The khadi weaver works from this hand-spun thread. The warp is set up on a pit loom — the loom sunk into the ground, the weaver sitting at floor level, the shuttle passing by hand from one side to the other. The plain weave body of this saree was built one weft pass at a time, the thread carrying the natural slub variation of the hand-spun yarn into the fabric’s surface. The self-stripe visible in the body is a product of the weft sequence — the weaver alternating thread weights at precise intervals across the warp to produce the fine pinstripe texture.
The supplementary weft bands in the pallu are an additional layer of technical decision: the weaver introduces coloured supplementary thread at each band position, running it across the full pallu width for the band’s height, then withdrawing it when the band is complete. Each of the four colours — red, yellow, black, blush — is a separate thread introduced and withdrawn in sequence. The bands accumulate from the body edge of the pallu to the hem. At the hem, the running red and yellow border stripes frame the pallu’s full argument. The entire saree was made at one loom, by one pair of hands, from hand-spun thread.
- Wash: Hand wash in cold water with a mild detergent. Khadi cotton is robust but hand-spun thread requires gentle washing to maintain the natural slub texture over time.

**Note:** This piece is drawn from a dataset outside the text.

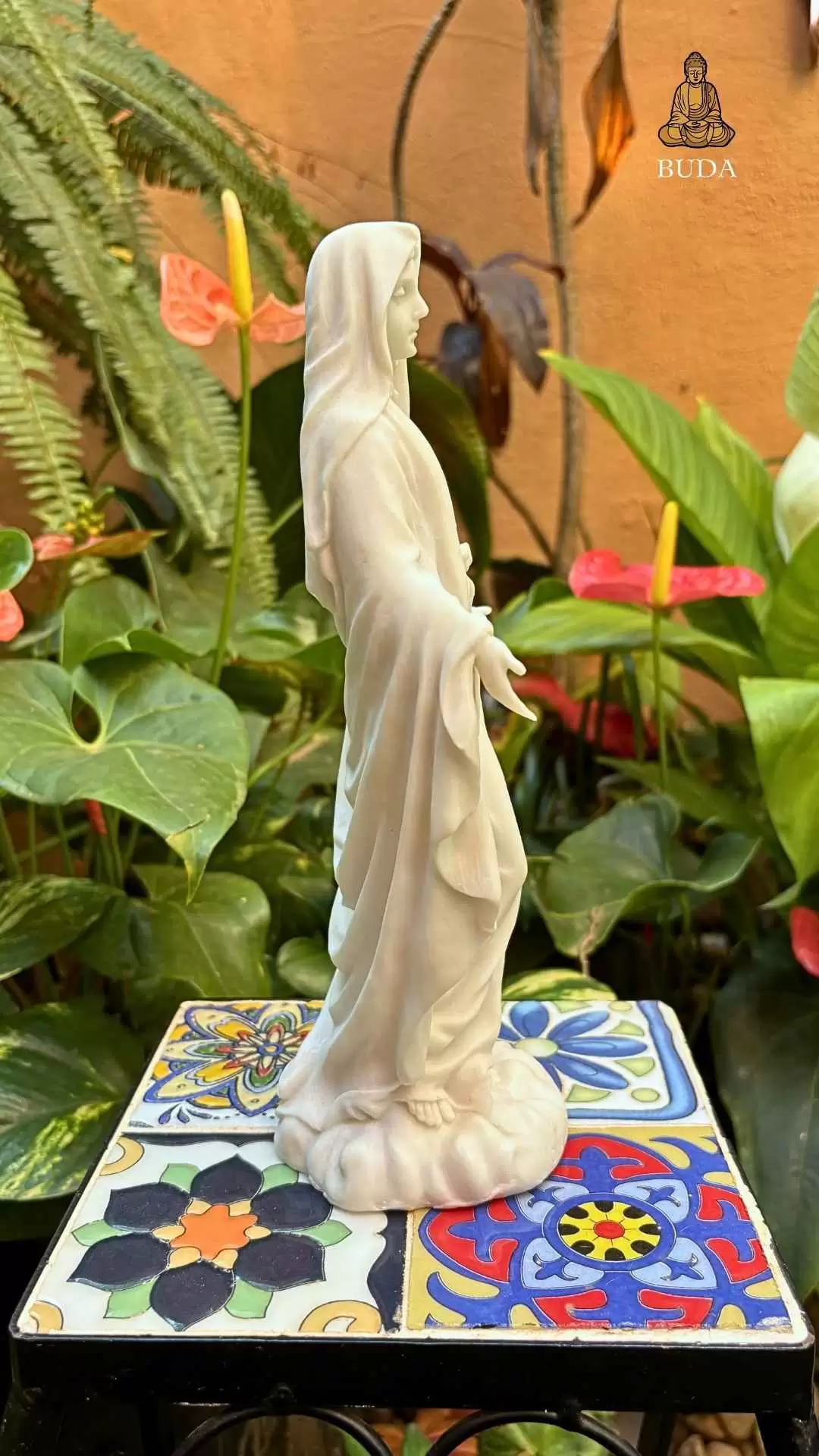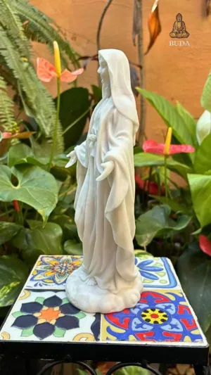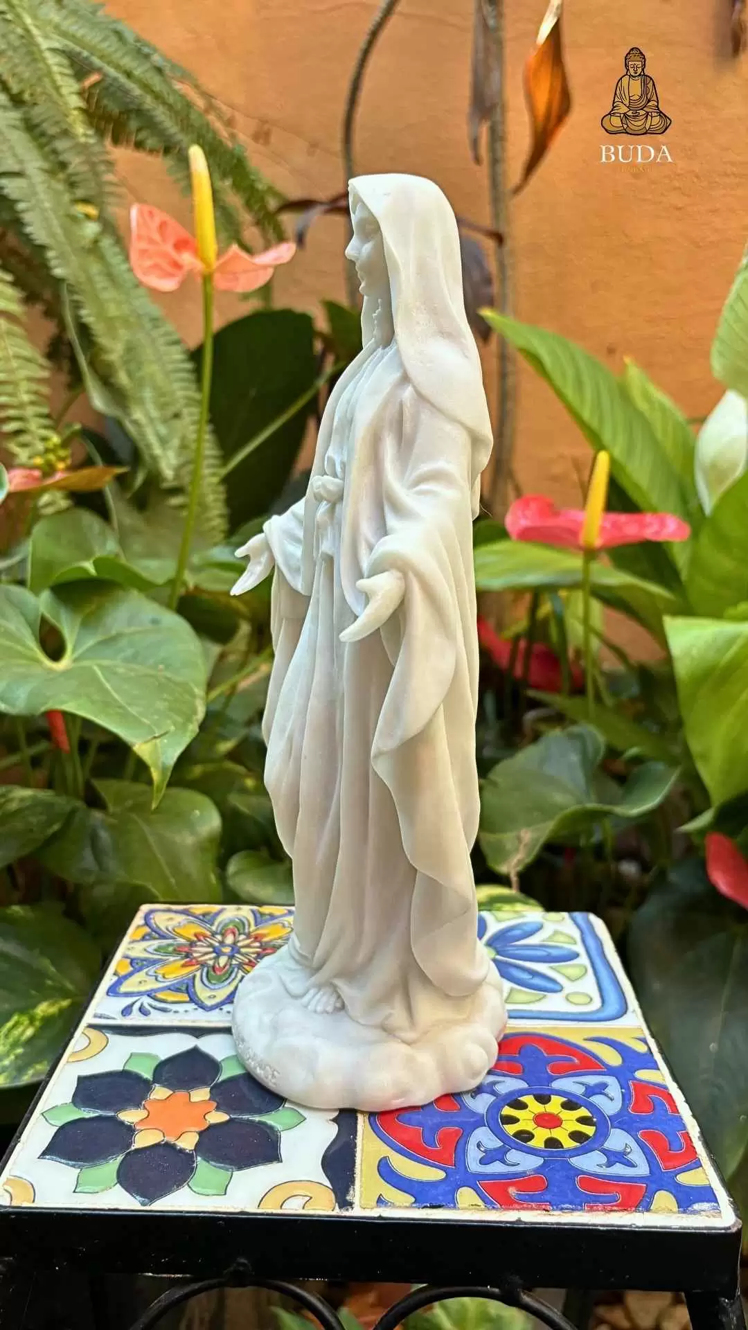 A escultura captura a essência de Nossa Senhora das Graças em sua postura tradicional, com braços abertos simbolizando acolhimento maternal e bênçãos divinas. Rica em detalhes, cada traço foi cuidadosamente esculpido para transmitir serenidade e autoridade espiritual. O acabamento refinado em marmorite branca realça os traços delicados da figura sagrada, tornando esta peça ideal para altares domésticos ou espaços devocionais. Sua presença harmoniza o ambiente com energia positiva e elevação espiritual.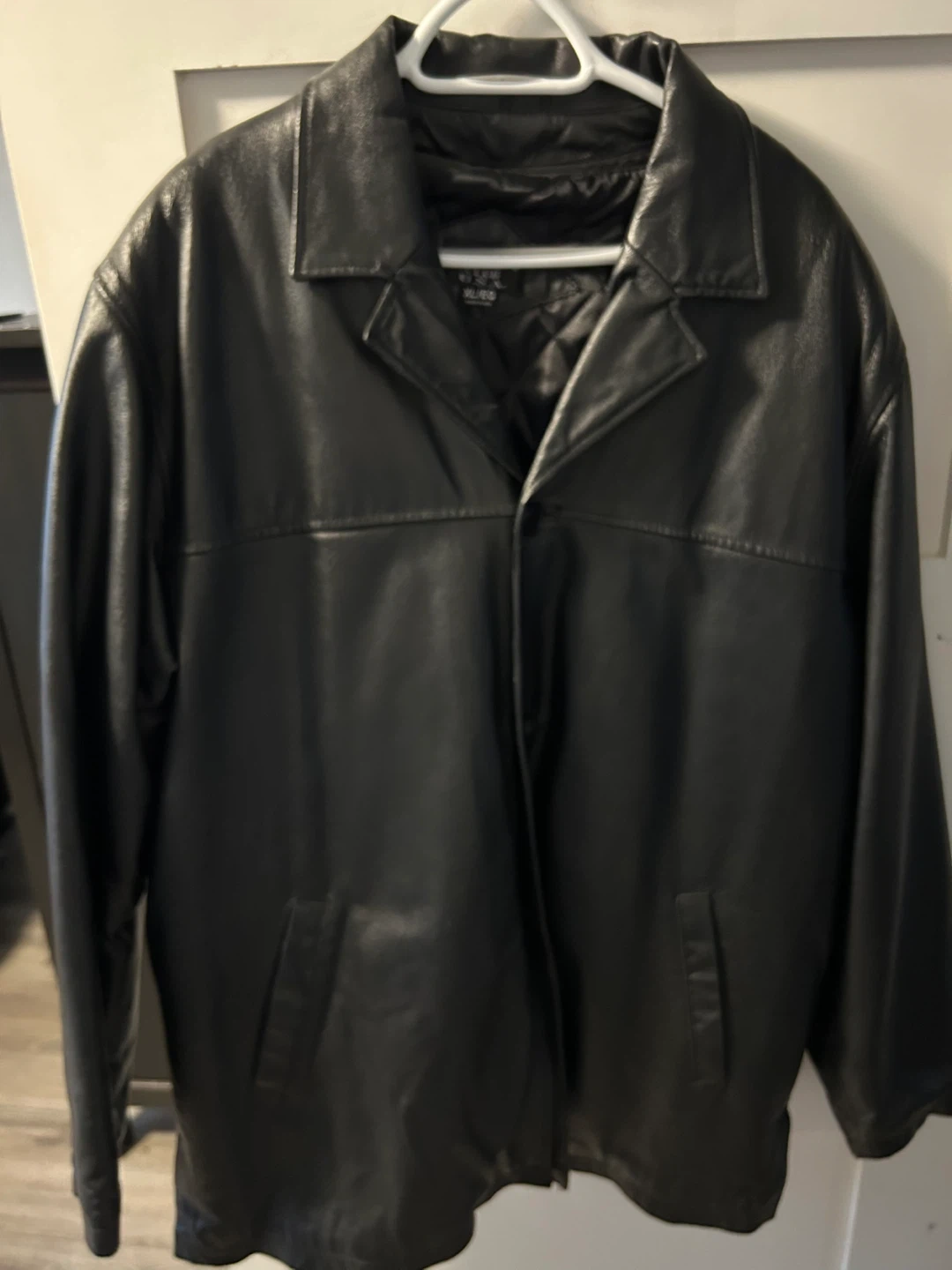 Selling a black leather jacket in size XL. It's in great condition and ready for a new owner. The jacket features a classic design and a comfortable fit, perfect for adding a stylish touch to your wardrobe.

- First wash: Wash separately in cold water. The grey body and the multicolour pallu bands may each release slight colour on the first wash. Normal for natural cotton dyes. Will not recur.
- Pallu bands: Wash gently through the supplementary weft band section. The coloured bands are woven in structurally but the thread sits slightly raised; do not scrub.
- Do not: Machine wash or wring. Khadi’s hand-spun structure is particularly vulnerable to machine agitation: the slub variations that give khadi its character can be damaged by the mechanical action.
- Iron: Medium heat on the cotton body. Khadi irons well and the warmth of the iron brings out the natural texture of the hand-spun thread. Iron from the front — unlike smooth cotton, khadi’s texture is enhanced by front ironing. Avoid ironing directly on the multicolour pallu bands.
- Dry: In shade. The grey and the multicolour pallu dyes are stable but sustained UV exposure affects cotton over time.
- Age note: Khadi softens with every wash. A new khadi saree has a slight stiffness that disappears after the first few washes, and the fabric settles into a drape that only gets better with wear. This is the correct behaviour of hand-spun cotton. Store in clean muslin and wear it often.